Bond funds dominated all major asset classes since the beginning of the year, totalling US$258 billion in net new money in 3Q and US$464 billion year-to-date. On the other hand, equity funds suffered net redemptions throughout the past three quarters, which together amounted to US$136 billion in net withdrawals. This trend, however, will possibly change after the U.S. election, as the recent selloff in global bonds and emerging market debt could trigger a potential shift towards equity products.

Locally-domiciled funds in Asia led the 3Q flows among all regions at just over US$120 billion, with China contributing almost 70% of that total. Japan added US$21 billion in net flows during 3Q, nearly US$16 billion of which went to ETFs.

U.S. investors also poured a huge amount of net new money into passive ETFs and index funds, totalling US$142 billion in 3Q and US$305 billion over the past three quarters. In comparison, actively managed long-term funds suffered US$67 billion and US$179 billion in net redemptions during the same periods, respectively.

In Europe and the cross-border space, bond funds also led the contributions gathering €69 billion (US$77 billion) in net investor money throughout 3Q, nearly 80% of which or €53 billion (US$59 billion) went to cross-border funds.

In 2016, ETFs globally attracted around US$240 billion in net investor money during the first three quarters, on pace to closely match the record high of ETF net flows garnered in 2015. At the end of 3Q’16, ETF AUM reached nearly US$3.4 trillion worldwide.

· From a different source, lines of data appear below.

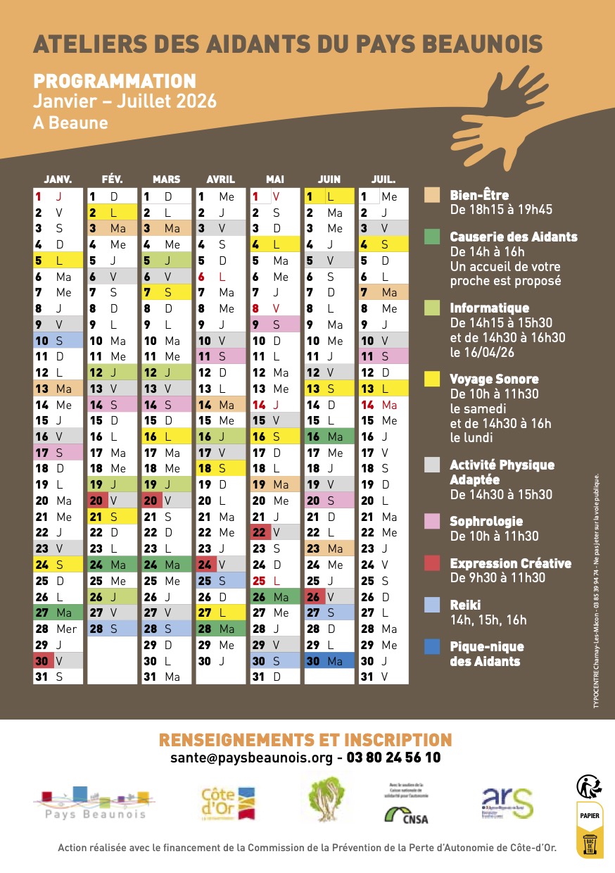 Pays Beaunois - Le programme d’ateliers dédiés aux aidants du 1er semestre 2026
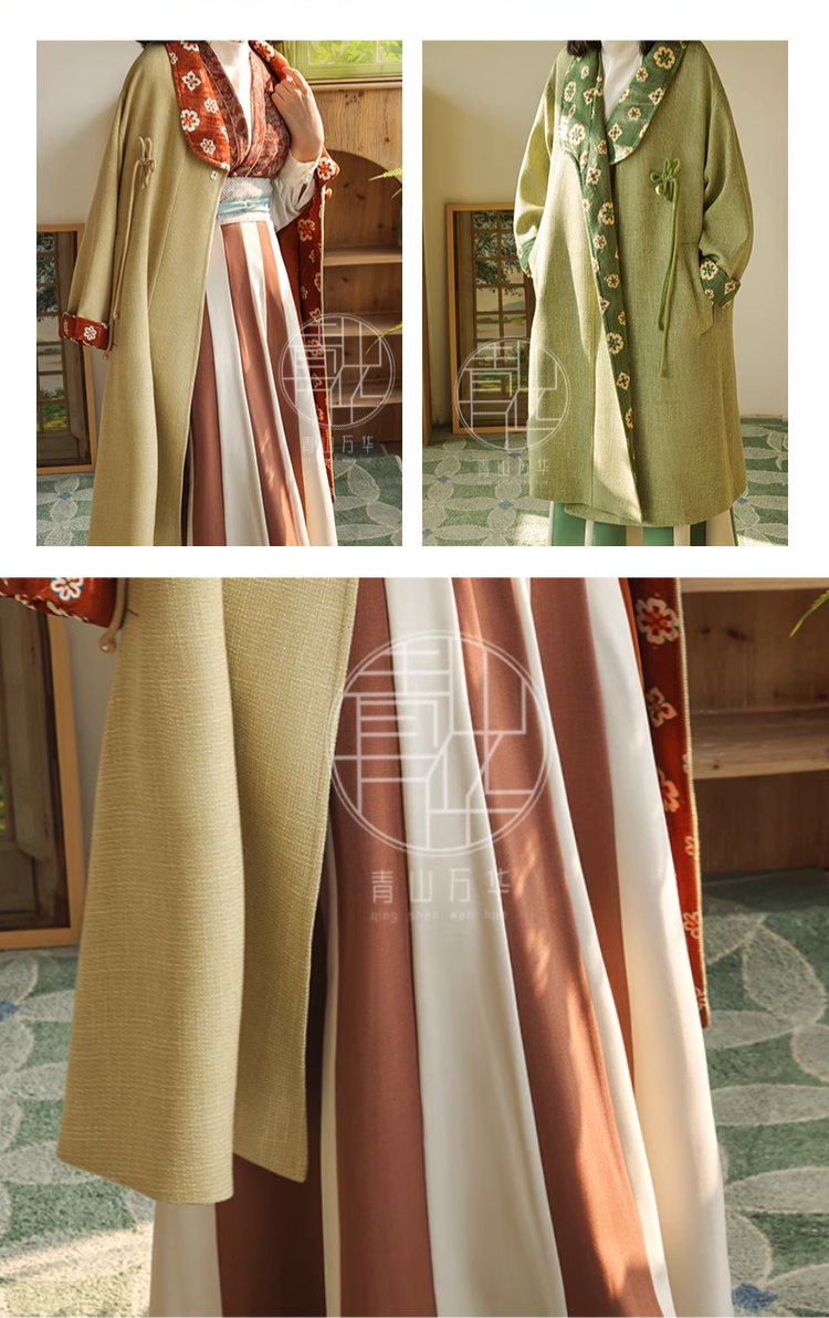 青山万华, or Qingshan Wanhua creates sophisticated and elegant interpretations on classic pieces. From Tang to Ming, they continue to impress with their contemporary designs. Every piece they release is perfect for day-to-night wear, office-ready outfits, and casual styles! One of the top Street Style Hanfu brands currently.
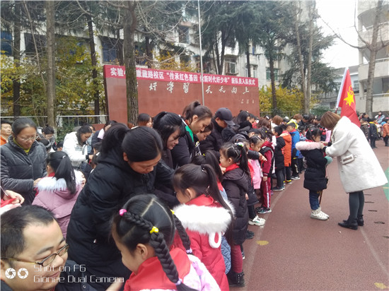 四川新闻网雅安1月1日讯(施永琼 张玉 文/图)12月31日,在这个特别的日子里,雨城区实验小学教育集团康藏路校区少先队大队部隆重举行了以“传承红色基因·做新时代好少年”为主题的一年级新队员入队仪式。实验小学教育集团康藏路校区全体师生和一年级全体家长共2000多人参加了本次活动,一年级273个小朋友光荣加入中国少年先锋队组织。 入队仪式前,一年级各中队利用晨会、班队课对学生进行了队前教育。学生们在辅导员和班主任的引导下,初步知道了红领巾、队旗、队徽、队礼、呼号的意义;了解了队知识,认真书写了入队申请书,以实际行动,争取早日加入中国少年先锋队。各中队辅导员提前教会孩子如何佩戴红领巾、行队礼、唱队歌。
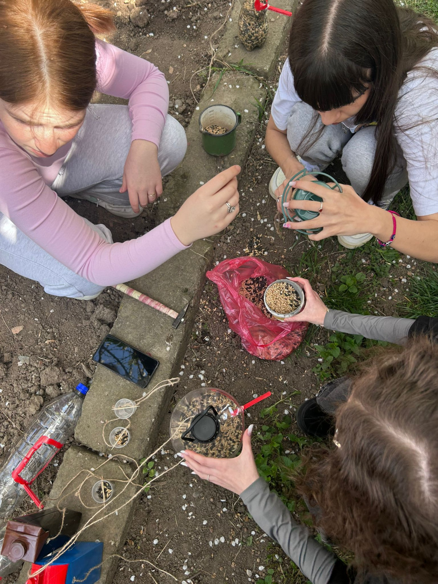 • Zona „Păsări Fericite”: PET-urile și cartoanele de lapte au devenit hrănitoare creative pentru păsările din curtea școlii.
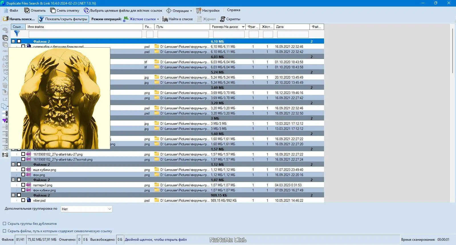 - Возможность замещения дубликатов файлами ссылок для экономии пространства.

Increased investors’ demand has spurred the innovations of ETFs. Smart Beta/fundamental index strategies are trying to bridge the gap between traditional passive ETFs and conventional actively managed mutual funds. Another recent trend is the development of actively managed ETFs globally.

Robo-advisors, automated advisory platforms that construct and rebalance portfolios at a fraction of the cost of a human advisor, have disrupted the financial services industry worldwide. FinTech start-ups, backed by venture capital firms, were the first to set foot in the robo-advisory space and challenge the traditional financial advisor model, but more traditional institutions, such as wealth and asset managers, are also heading towards digital transformations. Many of the largest asset managers are either buying existing robo-advisors or creating their own platforms.